All G and P have 2T delay. <br> 
kT: k = fan in for a gate <br>

Ripple carry: 
* $C_1$ : 5T delay (3 input OR and 2 input AND gate) 
* $C_2$ : 10T delay
* $C_3$ : 15T delay, $S_3$ (after XOR) 17T delay
...
* $C_o$ : 5NT delay 

Carry Lookahead: 
* $G_0$:  2T
* $P_0$:  2T 
* ...
* $G_n, P_n$ : 2T
* $C_1$ : 6T ($C_1 = G_0 + P_0 * C_0$, 2T input, 2T OR gate, 2T AND gate)
* $S_1$ : 6T + 2T = 8T 
* $C_2$ : 8T ($C_2 = G_1 + G_0 * P_1 + C_0 * P_0 * P_1$, 2T input, 3T OR gate, 3T AND gate)
* $C_3$ : 4 + 4 + 2 = 10T
* $C_4$ : $C_4 = G_3 + G_2*P_3 + G_1 * P_2*P_3 + G_0 *P_1*P_2*P_3 + C_0*P_0*P_1*P_2*P_3$, takes 5 input OR gate with largest AND gate taking 5 inputs.
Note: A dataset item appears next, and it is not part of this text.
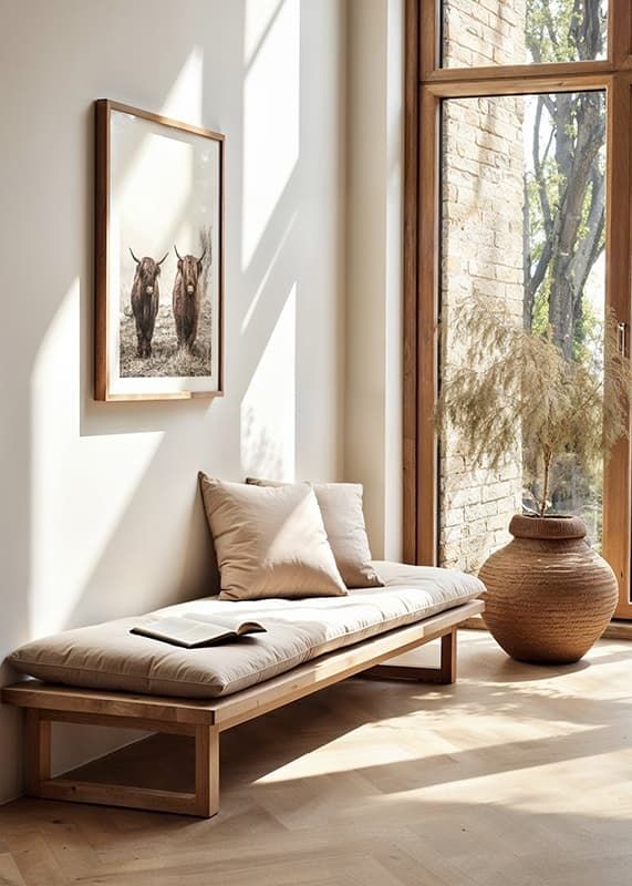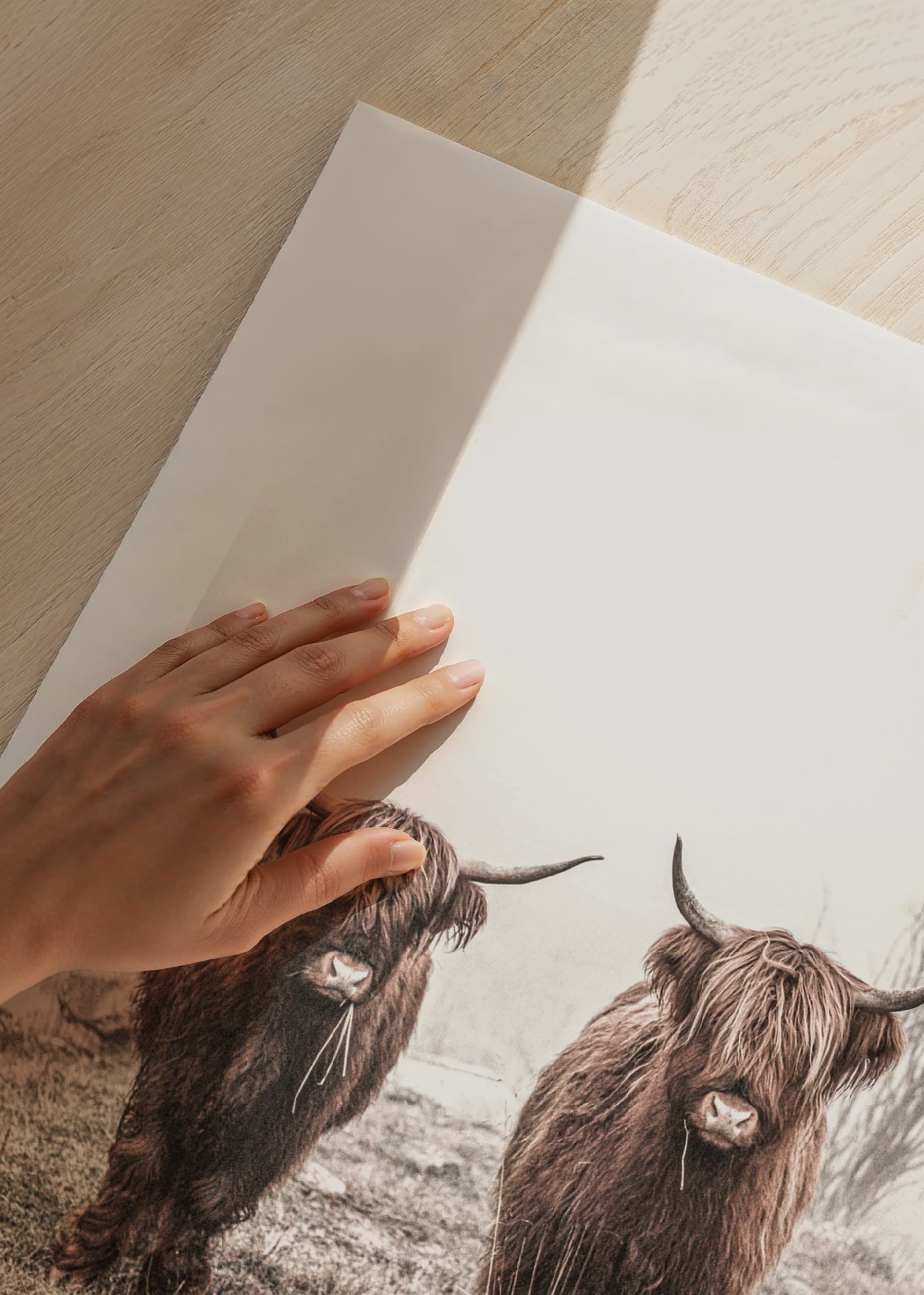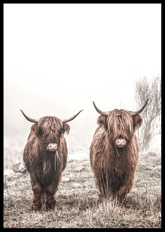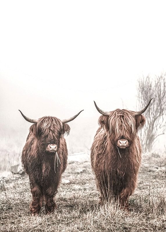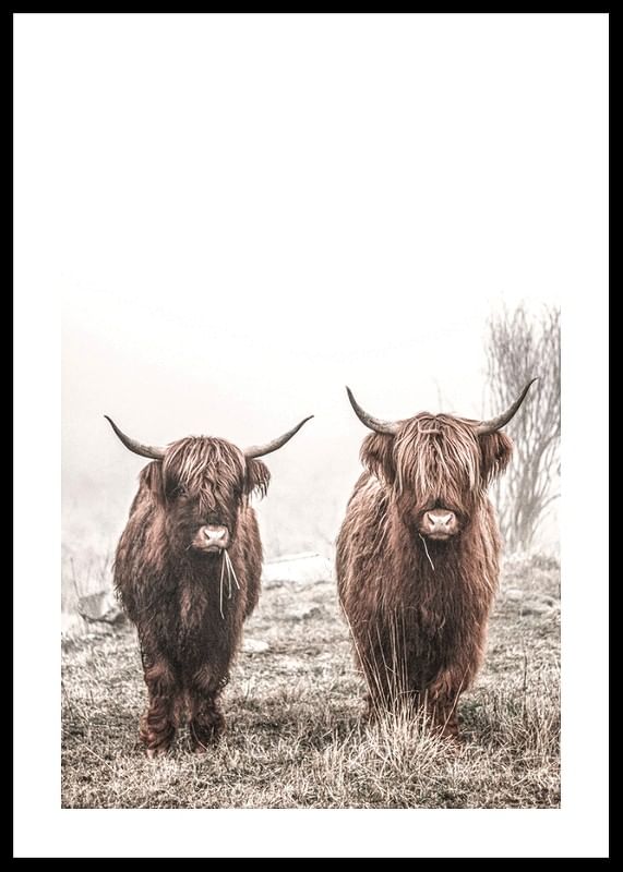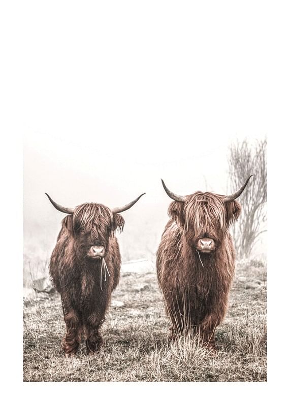 Dos vacas de pelo largo de las Tierras Altas de Escocia se encuentran juntas en un campo de hierba, rodeadas de una suave niebla y delicados tonos naturales. Sus características frentes largas y sus poderosos cuernos llaman la atención y confieren al motivo una auténtica atmósfera de las Tierras Altas de Escocia. El póster aporta un ambiente natural y rústico al hogar.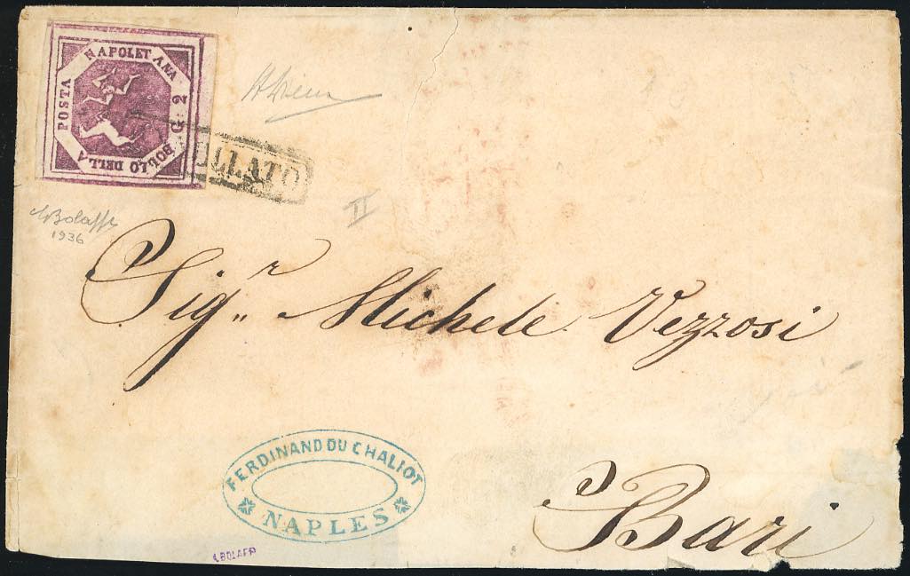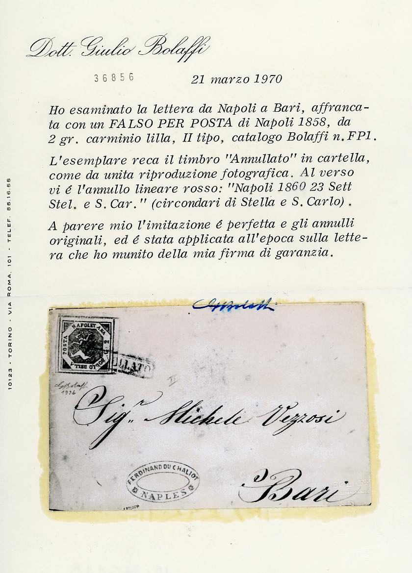 1860 - 2 grana violetto, falso per posta del II tipo (F2b), perfetto, su sovracoperta di lettera da Napoli 23/9/1860 a Bari. A.Diena, cert. G.Bolaffi.

So we have 2 + 5 + 5 = 12T as the total delay 
* $S_3$ : 10 + 2 = 12T
* $C_n$ : $(2n+4)T$ delay 
* $S_n$ : $(2n+6)T$ delay

If we have different assumptions, we have different results, but the logical formula is the same 
__always take the critical path__

16-bit adder:
* Partial Carry lookahead: use 4-bit carry look ahead as building unit and connect them via ripple carry 
    * this still adds latency
    
* Hierarchical carry lookahead: use four 4-bit carry lookahead adders as the building blocks and build a carry lookahead adder. The 4 adders are represented in greek letter. 
![16](16-cla.png)

$$p_\alpha = P_0 * P_1 * P_2 * P_3  $$
$$G_\alpha = G_3 + G_2*P_3 + G_1*P_3*P_2 + G_0*P_3*P_2*P_1 $$


10T for all G's at greek letter level, and 6T for all P's at greek letter level. <br> 
For C12, the worst gate would be $G_\alpha * P_\beta * P_\gamma$, getting 13T, then 4T for OR gate, so 17T total. <br>
For C16, worst gate would be 14T, and 5 input OR gate, so 14+5 = 19T delay total.